The recursive function is to compute power (most probably integer, non negative or -1, power) of a number, as you might have expected (something like x = 2.2 and n = 9).
(这似乎是为 Python 2.x 编写的(由于 n/2 的预期结果为 integer> 而不是 n//2))
(And this seems to be written for Python 2.x (due to the n/2 having expected result of integer instead of n//2))
最初的 returns 是非常简单的数学运算.
The initial returns are very straight-forward math.
if n == 0:
return 1
if n == -1:
return 1 / x
当幂为0,则返回1,然后幂为-1,则返回1/x代码>.
When the power is 0, then you return 1 and then the power is -1, you return 1/x.
现在下一行由两个元素组成:
Now the next line consists of two elements:
self.myPow(x * x, n/2)
and
[1, x][n%2]
第一个 self.myPow(x * x, n/2) 仅仅意味着你想要获得更高的功率(不是 0 或 -1) 通过平方乘方数 x
The first one self.myPow(x * x, n/2) simply means you want to make higher power (not 0 or -1) into half of it by squaring the powered number x
(很可能是通过减少所需的乘法次数来加快计算速度 - 想象一下,如果您有计算 2^58 的情况.通过乘法,您必须乘以数字 58 次.但如果每次都将其分成两部分并递归求解,则最终操作次数会减少).

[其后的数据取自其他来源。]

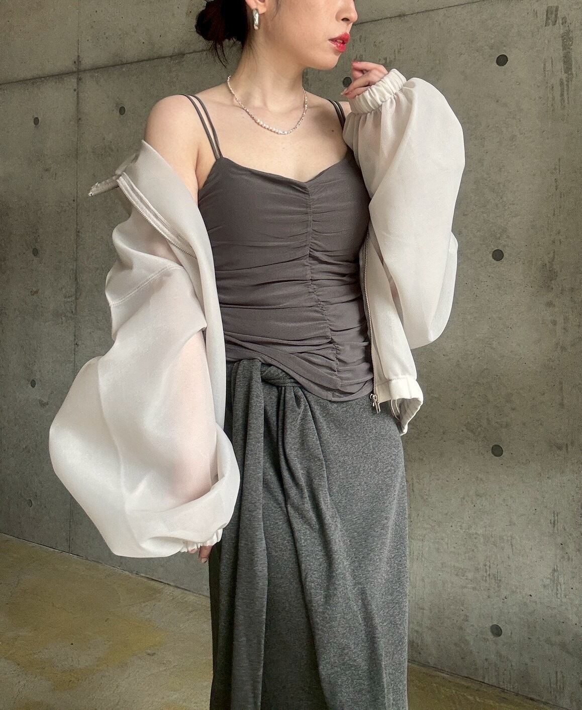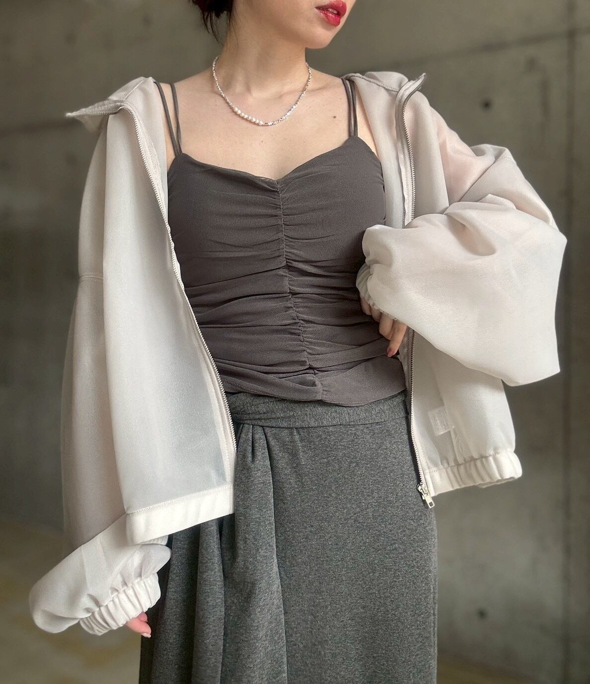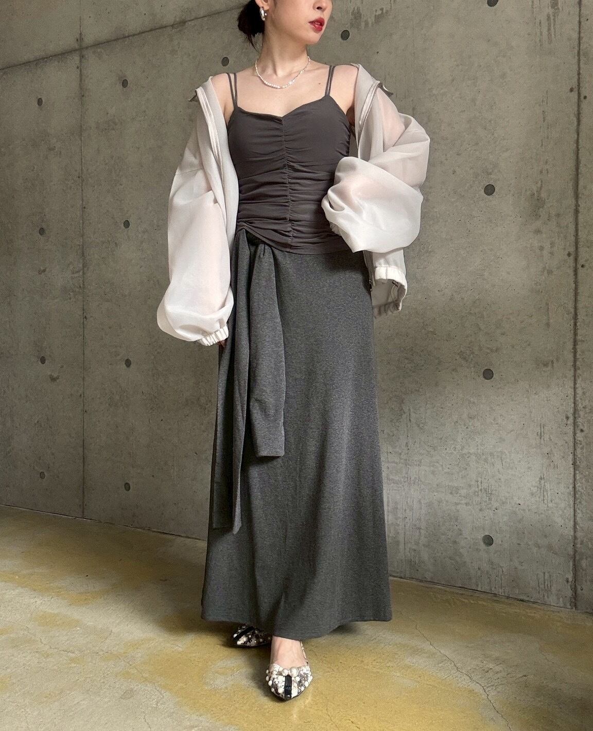 ジャケットやカーディガンのインナーに◎シャーリングの凹凸感が、マニッシュな装いに女性らしいエッセンスを添えてくれます✨

(most probably to speed up the calculation by reducing the number of multiplication needed - imagine if you have case to compute 2^58. By multiplication, you have to multiply the number 58 times. But if you divide it into two every time and solve it recursively, you end up will smaller number of operations).
示例:
x^8 = (x^2)^4 = y^4 #thus you reduce the number of operation you need to perform
在这里,您将 x^2 作为递归中的下一个参数(即 y)并递归执行,直到幂为 0 或 -1.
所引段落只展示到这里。